Stored data:
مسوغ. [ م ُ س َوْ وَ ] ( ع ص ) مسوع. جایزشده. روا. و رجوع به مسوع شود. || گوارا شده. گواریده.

--

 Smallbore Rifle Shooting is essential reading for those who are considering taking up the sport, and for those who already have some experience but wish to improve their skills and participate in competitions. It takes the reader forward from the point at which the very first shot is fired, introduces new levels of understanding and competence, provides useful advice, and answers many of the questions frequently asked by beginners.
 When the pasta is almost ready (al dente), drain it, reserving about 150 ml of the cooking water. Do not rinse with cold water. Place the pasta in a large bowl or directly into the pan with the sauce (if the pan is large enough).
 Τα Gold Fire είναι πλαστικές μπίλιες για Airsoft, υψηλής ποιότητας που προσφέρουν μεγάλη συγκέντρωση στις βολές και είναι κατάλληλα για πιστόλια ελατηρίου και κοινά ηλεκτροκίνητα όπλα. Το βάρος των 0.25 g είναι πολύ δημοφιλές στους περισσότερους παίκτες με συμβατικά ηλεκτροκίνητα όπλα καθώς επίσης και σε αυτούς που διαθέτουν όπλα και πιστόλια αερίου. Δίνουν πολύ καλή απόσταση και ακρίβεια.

Exercise requirements: Give back, unchanged, the run of lines in the listing above that begins at the line containing "When the pasta" and ends at the line containing "Τα Gold Fire", both included.

Exercise answer:
 When the pasta is almost ready (al dente), drain it, reserving about 150 ml of the cooking water. Do not rinse with cold water. Place the pasta in a large bowl or directly into the pan with the sauce (if the pan is large enough).
 Τα Gold Fire είναι πλαστικές μπίλιες για Airsoft, υψηλής ποιότητας που προσφέρουν μεγάλη συγκέντρωση στις βολές και είναι κατάλληλα για πιστόλια ελατηρίου και κοινά ηλεκτροκίνητα όπλα. Το βάρος των 0.25 g είναι πολύ δημοφιλές στους περισσότερους παίκτες με συμβατικά ηλεκτροκίνητα όπλα καθώς επίσης και σε αυτούς που διαθέτουν όπλα και πιστόλια αερίου. Δίνουν πολύ καλή απόσταση και ακρίβεια.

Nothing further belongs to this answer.